A Number Sense as an Emergent Property of the Manipulating Brain
- URL: http://arxiv.org/abs/2012.04132v4
- Date: Sun, 24 Mar 2024 01:23:11 GMT
- Title: A Number Sense as an Emergent Property of the Manipulating Brain
- Authors: Neehar Kondapaneni, Pietro Perona,
- Abstract summary: We study the mechanism through which humans acquire and develop the ability to manipulate numbers and quantities.
Our model acquires the ability to estimate numerosity, i.e. the number of objects in the scene.
We conclude that important aspects of a facility with numbers and quantities may be learned with supervision from a simple pre-training task.
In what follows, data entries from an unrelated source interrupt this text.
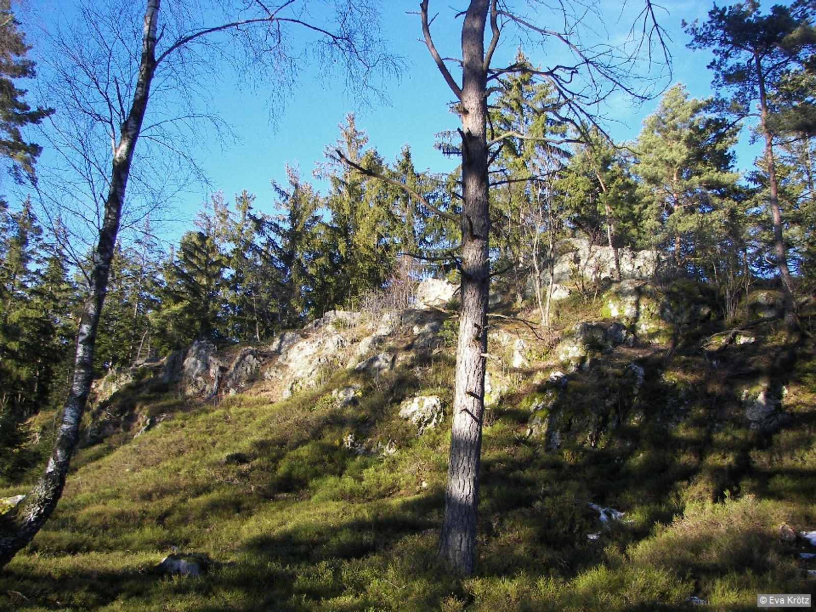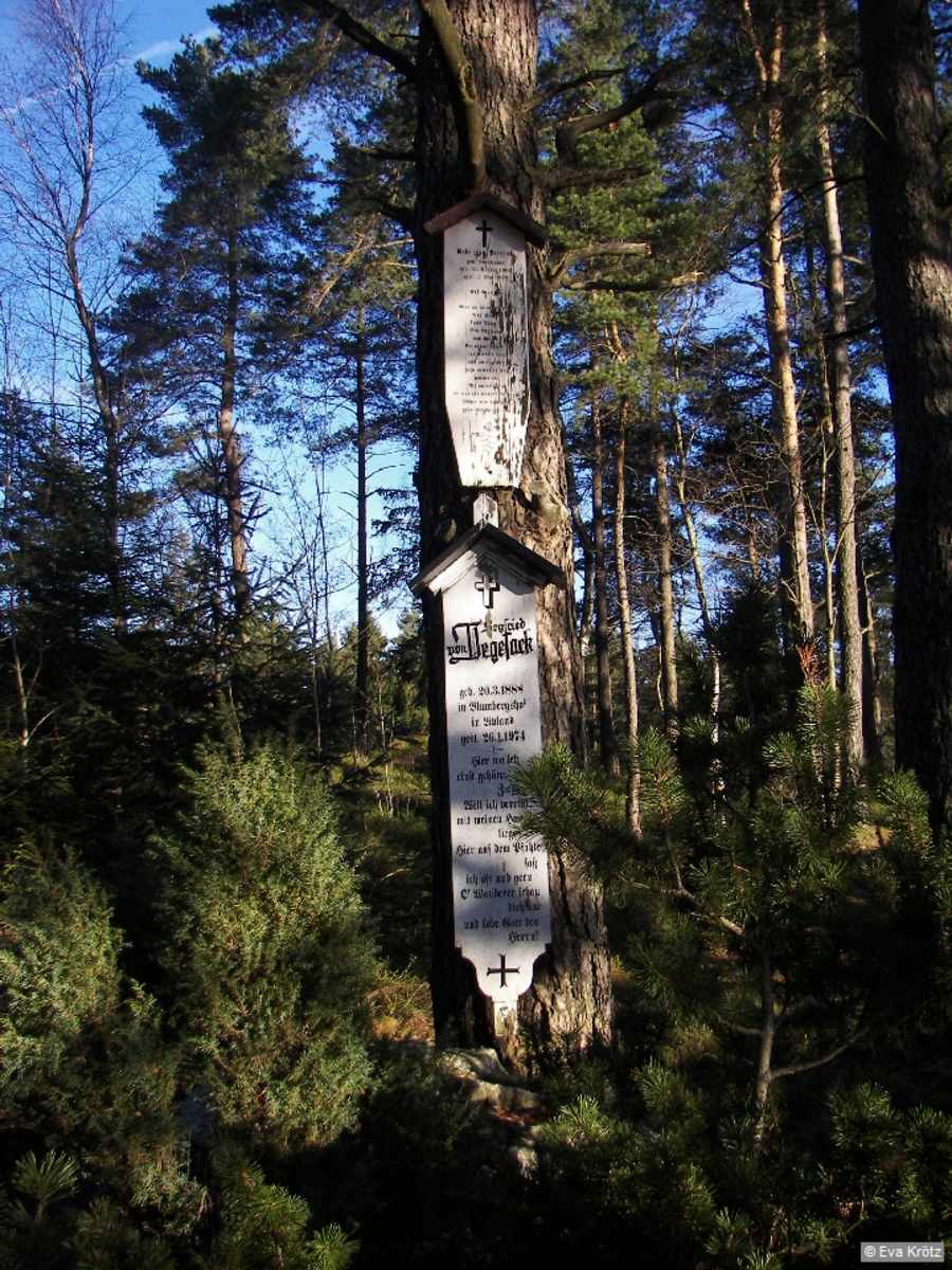 Der breite Waldweg steigt an, biegt nach links und erreicht an einem Wegweiser den Pfahl. Wir wählen für den Hinweg die Sonnenseite und gehen mit der blauen 2 und dem Burglehrpfad (Sonne mit M) geradeaus. Ein Grasweg führt uns am Naturschutzgebiet Pfahl entlang. Die ersten weißen Quarzfelsen ragen auf, und die typische magere Vegetation aus Kiefern, Birken, Heidelbeeren und Pfahlheide dominiert das Bild. Links vor uns liegt der Geißkopf mit seinen Skihängen, und plötzlich taucht die Ruine Weißenstein vor uns auf. Ein herrlicher Rastplatz am Grab des Dichters Siegfried von Vegesack lädt zum Verweilen, bevor wir nach Weißenstein absteigen.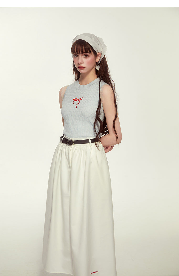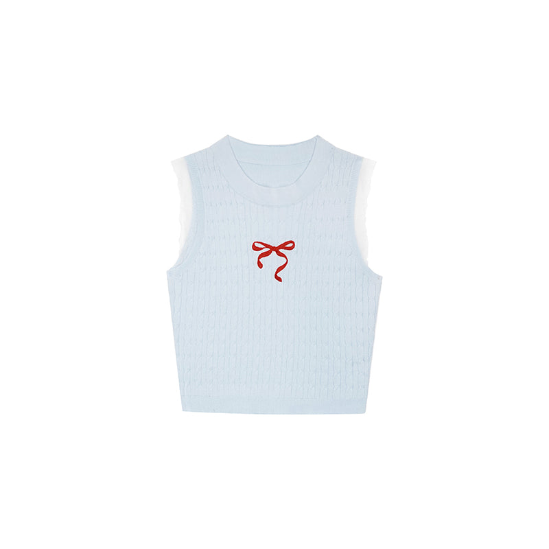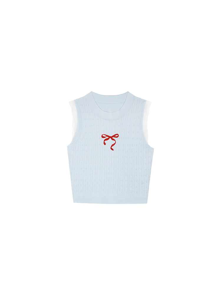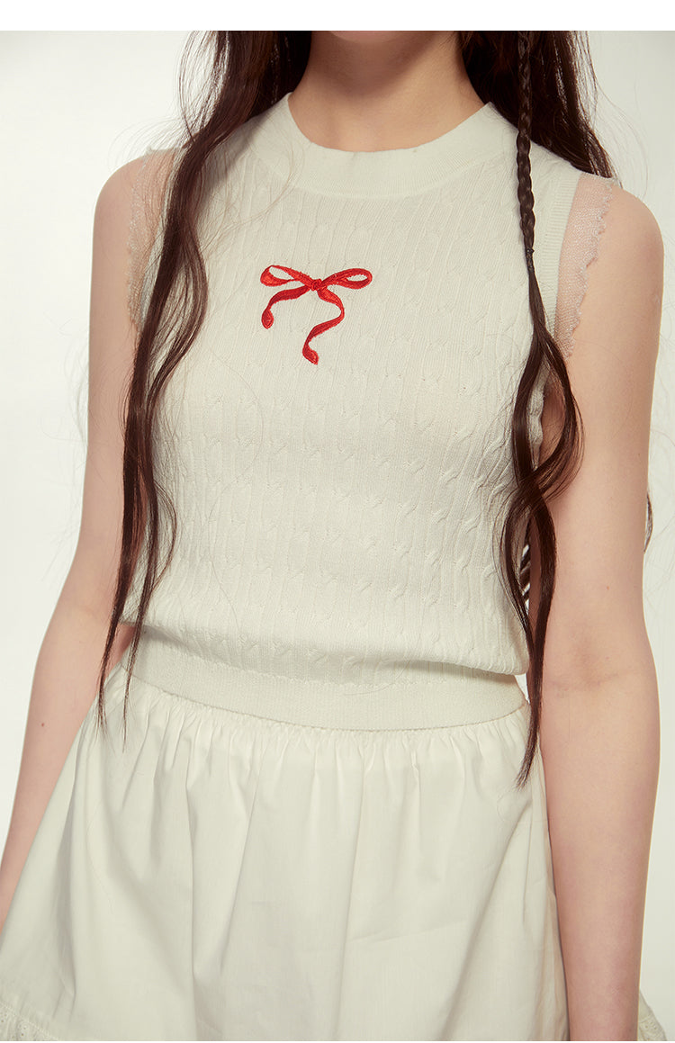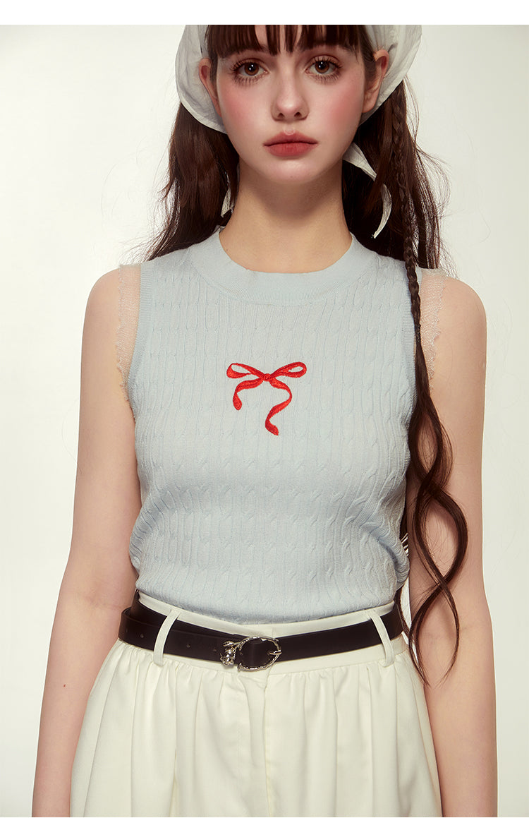 Bow-Embroidered Sleeveless Fitted Cable Knit Top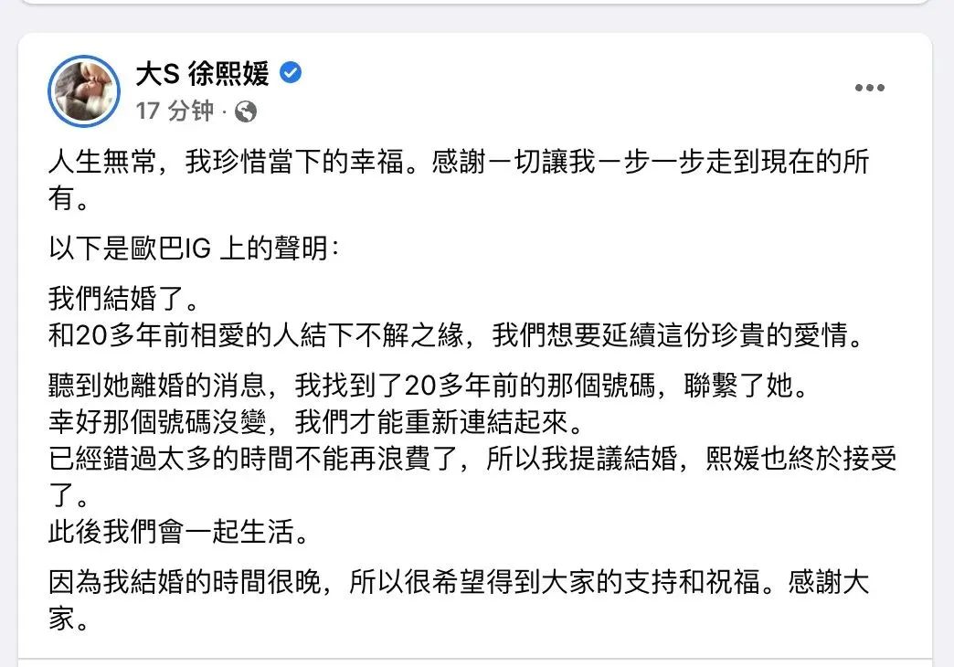 大S也緊隨其后,發(fā)文稱:“人生無(wú)常,我珍惜當(dāng)下的幸福,感謝一切讓我一步一步走到現(xiàn)在的所有。”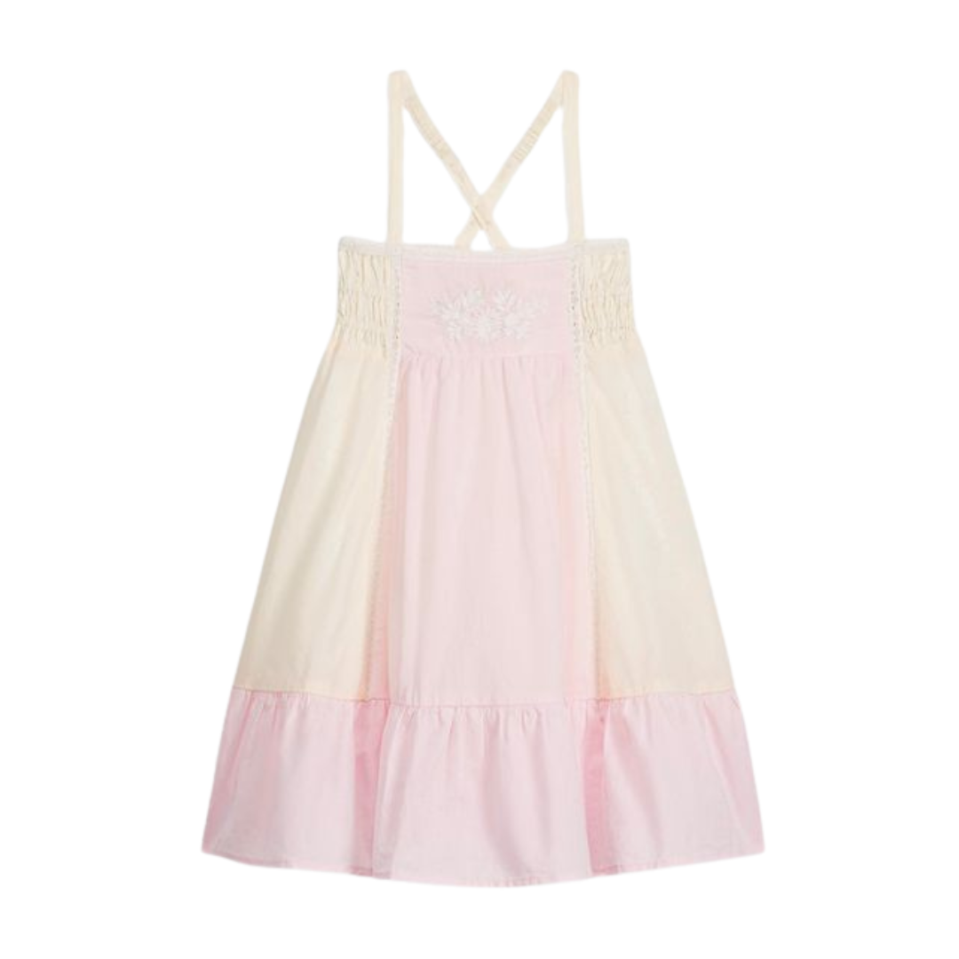 Sleeveless dress with embroidered details on the front, adjustable, elasticated straps that cross at the back and a large frieze-style ruffle at the bottom.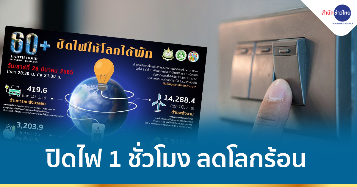 กทม. 26 มี.ค.- ชวนคนไทยรวมพลัง “ปิดไฟ 1 ชั่วโมง เพื่อลดโลกร้อน (60 Earth Hour)” 20.30 – 21.30 น. คืนนี้

- Score: 16.186932790845937
- License: http://creativecommons.org/licenses/by/4.0/
- Abstract: The ability to understand and manipulate numbers and quantities emerges during childhood, but the mechanism through which humans acquire and develop this ability is still poorly understood. We explore this question through a model, assuming that the learner is able to pick up and place small objects from, and to, locations of its choosing, and will spontaneously engage in such undirected manipulation. We further assume that the learner's visual system will monitor the changing arrangements of objects in the scene and will learn to predict the effects of each action by comparing perception with a supervisory signal from the motor system. We model perception using standard deep networks for feature extraction and classification, and gradient descent learning. Our main finding is that, from learning the task of action prediction, an unexpected image representation emerges exhibiting regularities that foreshadow the perception and representation of numbers and quantity. These include distinct categories for zero and the first few natural numbers, a strict ordering of the numbers, and a one-dimensional signal that correlates with numerical quantity. As a result, our model acquires the ability to estimate numerosity, i.e. the number of objects in the scene, as well as subitization, i.e. the ability to recognize at a glance the exact number of objects in small scenes. Remarkably, subitization and numerosity estimation extrapolate to scenes containing many objects, far beyond the three objects used during training. We conclude that important aspects of a facility with numbers and quantities may be learned with supervision from a simple pre-training task. Our observations suggest that cross-modal learning is a powerful learning mechanism that may be harnessed in artificial intelligence.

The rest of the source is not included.